This repository contains an implementation of Graph Convolutional Networks (GCN) based on the paper "Semi-Supervised Classification with Graph Convolutional Networks" by Thomas N. Kipf and Max Welling.

Overview

This project implements the GCN model proposed in the paper for semi-supervised node classification on graph-structured data. GCN leverages graph convolutions to aggregate information from neighboring nodes and learn node representations for downstream tasks. The implementation provides a flexible and efficient GCN model for graph-based machine learning tasks.

Requirements

  • Python 3.7 or higher
  • PyTorch 2.0 or higher
  • Requests 2.31 or higher
  • NumPy 1.24 or higher

Installation

pip install -r requirements.txt
python main.py

Dataset

The implementation includes support for the Cora dataset, a standard benchmark dataset for graph-based machine learning tasks. The Cora dataset consists of scientific publications, where nodes represent papers and edges represent citation relationships. Each paper is associated with a binary label indicating one of seven classes. The dataset is downloaded, preprocessed and ready to use.

Model Architecture

The GCN model architecture follows the details provided in the paper. It consists of multiple graph convolutional layers with ReLU activation, followed by a final softmax layer for classification.
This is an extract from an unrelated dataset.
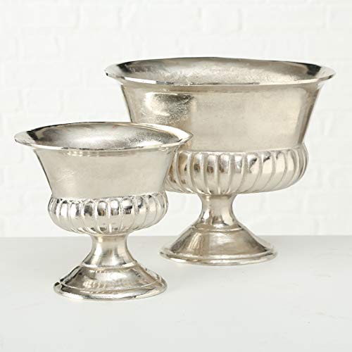 Grecian Champagne Bucket or Trophy-Cup Planters, Set of 2, Silver, Thick Metal, Handmade Aluminum,Table Top Centerpiece, 10.25 and 7.75 Inches Tall, Wide Body, Scallop Edge Details, Pedestal Base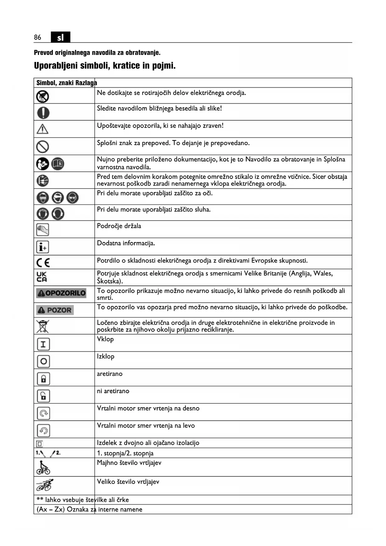 Prevod originalnega navodila za obratovanje. Uporabljeni simboli, kratice in pojmi. Simbol, znaki Razlaga Ne dotikajte se rotirajočih delov električnega orodja. Sledite navodilom bližnjega besedila ali slike! Upoštevajte opozorila, ki se nahajajo zraven! Splošni znak za prepoved. To dejanje je prepovedano. Nujno preberite priloženo dokumentacijo, kot je to Navodilo za obratovanje in Splošna varnostna navodila. Pred tem delovnim korakom potegnite omrežno stikalo iz omrežne vtičnice. Sicer obstaja nevarnost poškodb zaradi nenamernega vklopa električnega orodja. Pri delu morate uporabljati zaščito za oči. Pri delu morate uporabljati zaščito sluha. Področje držala Dodatna informacija. Potrdilo o skladnosti električnega orodja z direktivami Evropske skupnosti. Potrjuje skladnost električnega orodja s smernicami Velike Britanije (Anglija, Wales, Škotska). To opozorilo prikazuje možno nevarno situacijo, ki lahko privede do resnih poškodb ali smrti. To opozorilo vas opozarja pred možno nevarno situacijo, ki lahko privede do poškodbe. Ločeno zbirajte električna orodja in druge elektrotehnične in električne proizvode in poskrbite za njihovo okolju prijazno recikliranje. Vklop Izklop aretirano ni aretirano Vrtalni motor smer vrtenja na desno Vrtalni motor smer vrtenja na levo Izdelek z dvojno ali ojačano izolacijo

The implementation supports customizable hyperparameters such as the number of hidden units, the number of layers, and dropout rate.

Usage

To train and evaluate the GCN model on the Cora dataset, use the following command:

python train.py --epochs 200 --lr 0.01 --l2 5e-4 --dropout-p 0.5 --hidden-dim 16 --val-every 20 --include-bias False --no-cuda False

Results

The model achieves a classification accuracy of 82.5% on the test set of the Cora dataset after 200 epochs of training. This result is comparable to the performance reported in the original paper. However, the results can vary due to the randomness of the train/val/test split.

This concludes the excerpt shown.